Andreas möchte als Nächstes die Konversation an Kai weiterleiten.

Überzeugend schreiben

Überzeugend schreiben

Beim Verfassen der Mail an Kai erhält Andreas eine Hilfestellung: ihm steht eine Vorlage zur Verfügung, die ihm Empfehlungen gibt und bei einer sinnvollen Gliederung hilft. Dadurch konzentriert er sich auf ein Kommunikationsziel und erstellt im letzten Absatz eine Handlungsaufforderung an Kai, damit dieser genau weiß, auf was er reagieren soll. Die Vorlage basiert auf den Grundlagen des Persuasive Design2 , das auch Empfehlungen für das Verfassen von Mails bereit stellt3

Das Layout ist in der Form aufgebaut, dass der Verfasser neben seinem eigenen Text die E-Mail als Referenz hat. Bei Bedarf kann er sich also bestimmte Textstellen nochmal durchlesen und sich darauf in seinem Text beziehen.

Hinweis

Beim Formulieren des Kommunikationsziels schreibt Andreas zu viel und bekommt daher den Hinweis, dass dies die Wahrscheinlichkeit einer Antwort verringert. Er kann aber trotz des Hinweises noch weiter schreiben und der Text blasst nur so weit aus, dass er noch lesbar ist.

Toolbox

Um die Handlungsaufforderung möglichst attraktiv zu machen, öffnet Andreas die Toolbox.

In der Toolbox sind Tools erhalten, mit denen Informationen verständlicher dargestellt werden können und der Aufwand einer Antwort für den Empfänger reduziert werden kann. Das soll dabei helfen, die Textmenge zu reduzieren und den Inhalt schneller erfassen zu können.

Da Andreas eine Entscheidung herbeiführen möchte, zieht er das Tool „Entscheidung“ in das Textfeld hinein.

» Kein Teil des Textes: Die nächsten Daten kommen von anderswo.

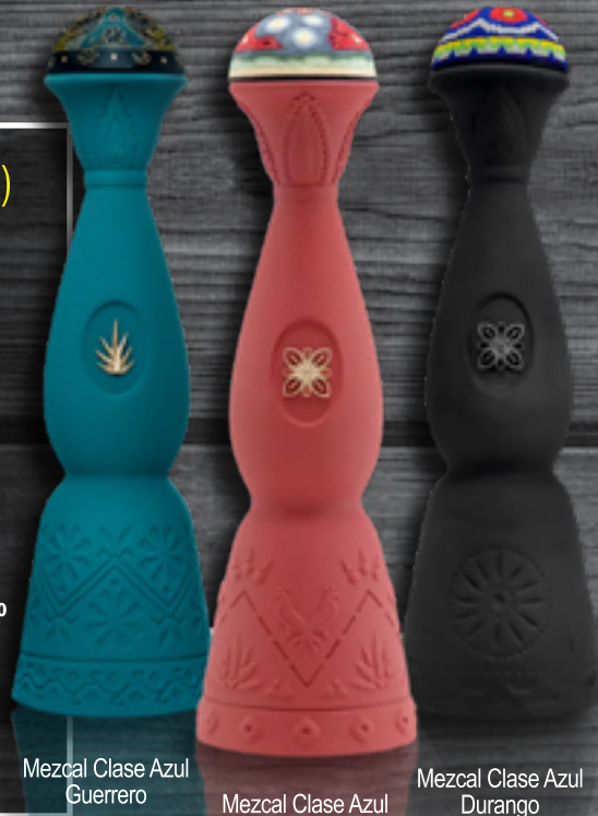
Mezcal Clase Azul Guerrero

Auswahlmöglichkeiten eingeben

Jetzt benennt Andreas die Optionen, zwischen denen sich Kai später entscheiden kann.

Antwortwunsch

Andreas stellt als letztes noch ein, wie dringend er eine Antwort von Kai benötigt. Damit ist er fertig und kann seine Mail an Kai abschicken.

E-Mail beantworten

Mit wenig Aufwand antworten

Checkbox anklicken

Kai ruft seine E-Mails ab.

Nachdem Kai die Mail von Andreas ausgewählt hat, sieht er sofort die Zusammenfassung der Thematik, eine Vorschau von Andreas` Nachricht und dass er zwischen zwei Optionen wählen kann. Auch ist für Kai sichtbar, bis wann er Zeit hat auf die Mail zu antworten.

Kai reicht die Zusammenfassung aus, um sich für eine Option entscheiden zu können und daher klickt er gleich „Vor-Ort“ an. Er schickt die Antwort an Andreas.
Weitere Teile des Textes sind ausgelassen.